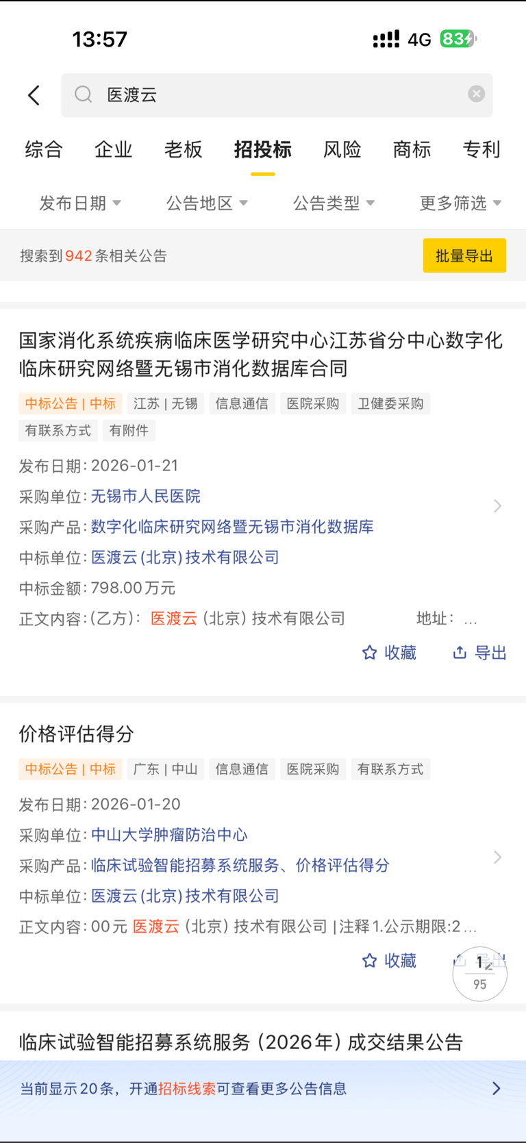 $医渡科技(HK|02158)$ 医渡科技还是在中标的!有项目合同,公司在盈利。
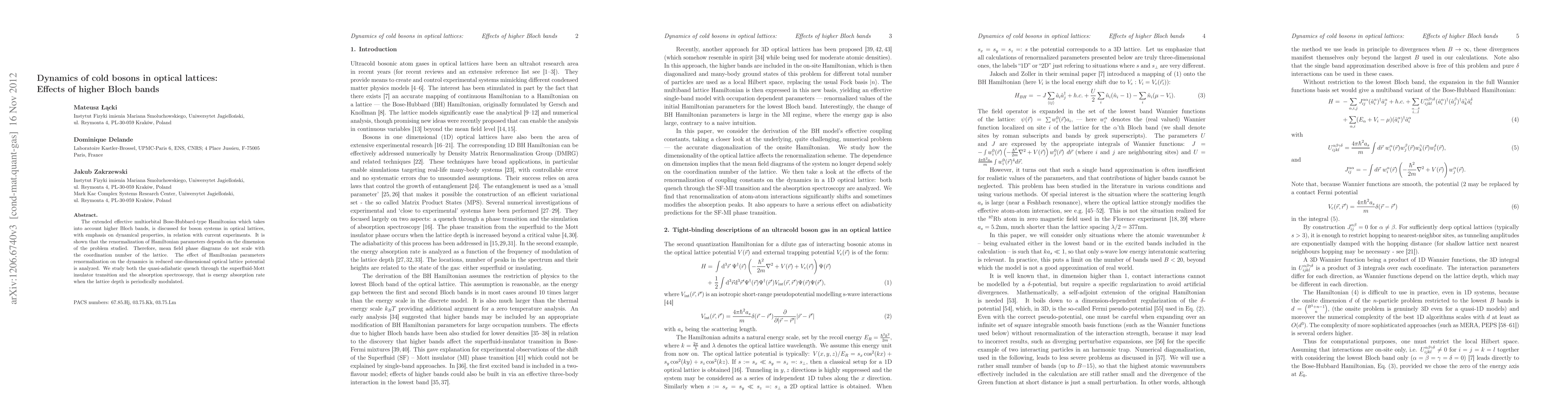 Researchers studied the behavior of bosons in optical lattices, finding that higher Bloch bands affect dynamics and phase diagrams, leading to non-scaling predictions for mean field calculations.
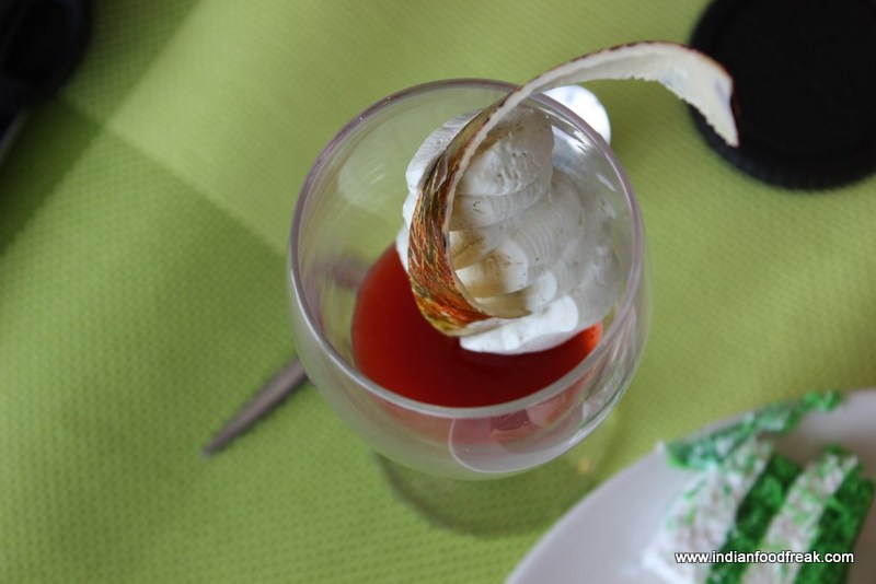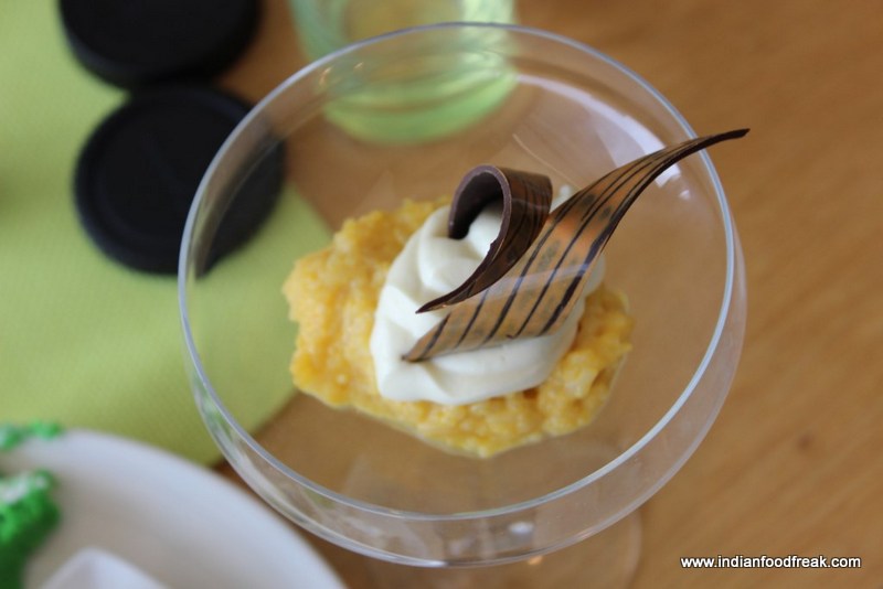We were poured a Zampa Soiree 2011 Sparkling wine which was very crisp and refreshing and quite an apt accompaniment for the meal that followed. I started off with a Tomato soup with smoked pepper which was thick to the right consistency, slightly on the sweeter side with a hint of smoked pepper. Having set the tone with this worthy soup I headed for the seafood salad which has a mango infused dressing that I found to be quite delicious.
****
Problem details
Only an exact copy of the lines from the one with "Researchers studied the" through the last line of the listing should be given; pictures must not be included.

The completed task
 Researchers studied the behavior of bosons in optical lattices, finding that higher Bloch bands affect dynamics and phase diagrams, leading to non-scaling predictions for mean field calculations.
We were poured a Zampa Soiree 2011 Sparkling wine which was very crisp and refreshing and quite an apt accompaniment for the meal that followed. I started off with a Tomato soup with smoked pepper which was thick to the right consistency, slightly on the sweeter side with a hint of smoked pepper. Having set the tone with this worthy soup I headed for the seafood salad which has a mango infused dressing that I found to be quite delicious.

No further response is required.